Le había pedido a Cocteau que le escribiera una canción –recuerda Piaf en una entrevista también disponible en YouTube– y al poco tiempo, el escritor la citaba en su casa para proponerle esta letanía de un amor no correspondido. O mejor dicho, por la no correspondencia entre esas dos funciones del amante y el amado. O entre la posesión y la poseída. Cocteau, además, llevaba al extremo más morboso ese respeto absoluto al ejercicio autobiográfico que tienen todas las canciones del repertorio Piaf. Aquí LA MUJER es cantante y desafortunada en el amor. Siempre abandonada (aunque sea ella la que se agote de callejeros y rufianes o celebridades como Marlon Brando, Yves Montand, Charles Aznavour, Georges Moustaki), el actor elegido para hacer de amante fue Paul Meurisse, que ¡oh casualidad! era también partenaire de Piaf en la vida real. La pareja, en una versión muy premium de lo que hoy conocemos como el show de los yoes, iba a mostrar o al menos representar ante París el desbarranco de la relación.
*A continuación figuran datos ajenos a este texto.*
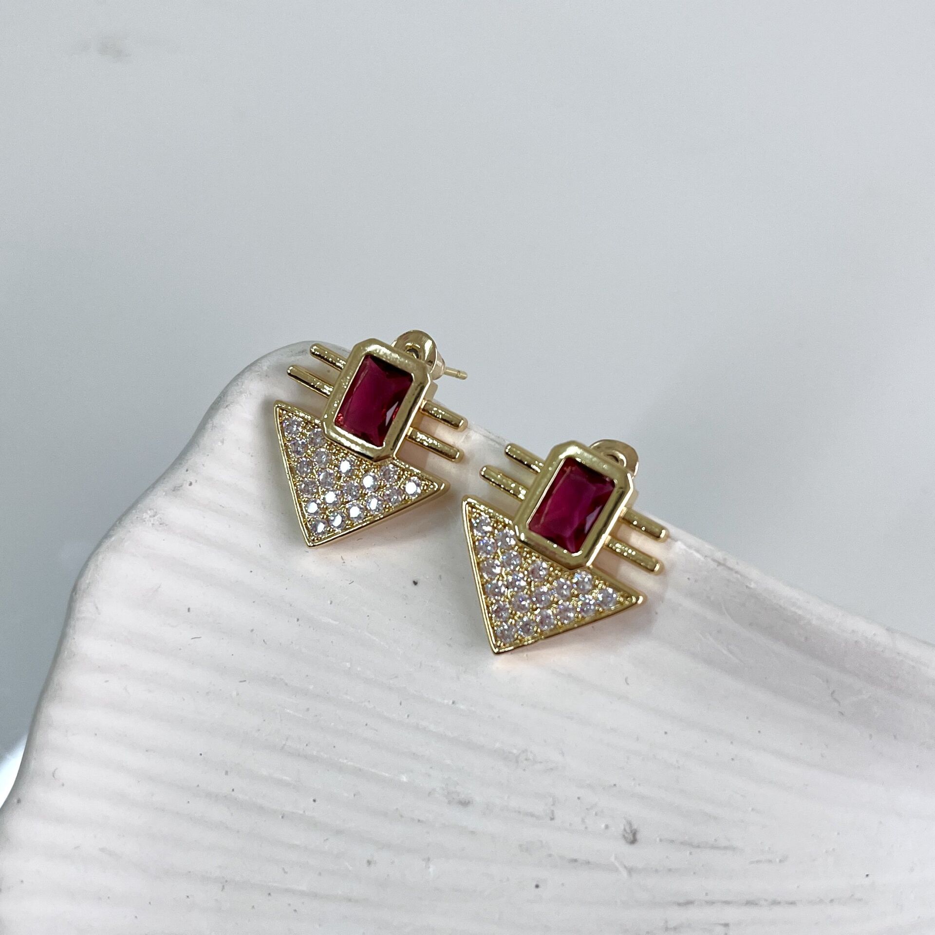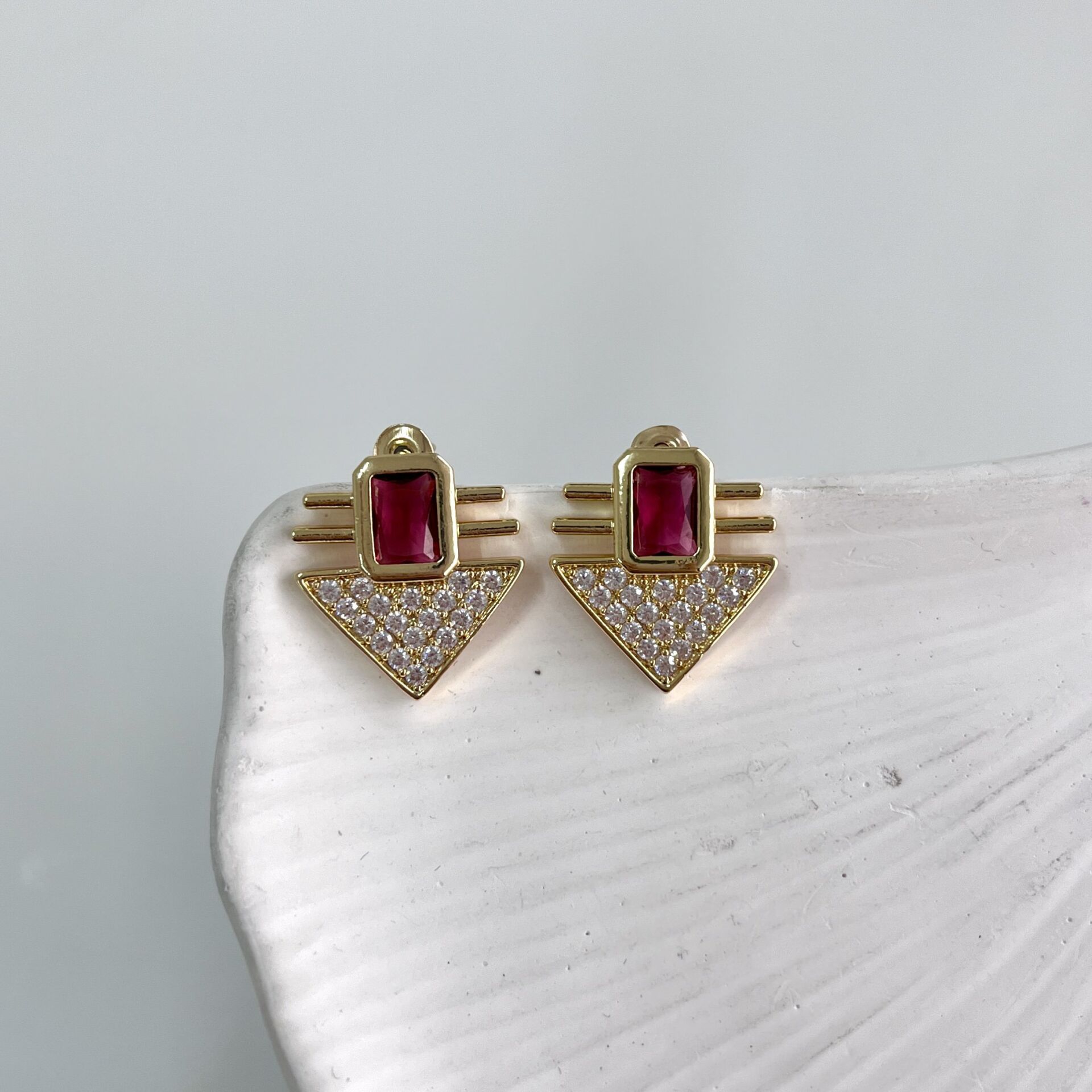Çelik Pembe Taşlı Küpe

“La noche de estreno se aprende a hablar, se pone una de pie”, escribe Camila en su muro anunciando el estreno. En otras declaraciones impone sin perder el humor el giro autobiográfico: “Me encanta hacer personajes de minas sufridas por amor, porque yo he sufrido mucho por amor. Entonces aprovecho y no pago terapia”. Lo cierto es que su prontuario artístico, que comienza con Camille Claudel, sigue con Tita Merello y Billie Holliday (en la obra Llorame un río) y promete continuar con Frida Kalho, la señalan como una cazadora serial de grandes mujeres. Devoradora de vidas espectaculares y confesa fanática de Edith Piaf (“para mí, leer, escuchar un disco o escribir es lo que para otras travestis las siliconas”, bromea) descubrió la existencia de El bello indiferente al verla citada al pasar en una biografía. Allí buscó a Javier van de Couter, su director fetiche, y ambos fueron al hallazgo del bello. En las biografías que se han escrito sobre Cocteau, la Piaf aparece fugazmente a raíz de esta obra, para ser rescatada de un bajón de popularidad en los años ’50 gracias a un artículo elogioso y para morirse primero, provocándole al escritor un infarto y unas últimas palabras tan estridentes como conjeturales: “El barco se acaba de hundir...” Si hubo amistad, amor extraño o bella indiferencia, no ha sido registrado. Esta versión argentina de la pieza que los unió consigue resucitar voces y silencios, y constuir arbitrariamente diálogos imaginarios. “Por un momento tan solo, entiendo el sentido de mi vida./ Escribir el drama que me honra, con la delicada monstruosidad de mi existencia”, dice Camila en su poema. Y entonces, Cocteau, desde la oscuridad del año 1947 (mucho más densa que la de estos días), se siente impelido a responderle: “A fin de cuentas, todo se arregla, salvo la dificultad de ser, que no se arregla”. Después de todo, él no era bello y tampoco indiferente.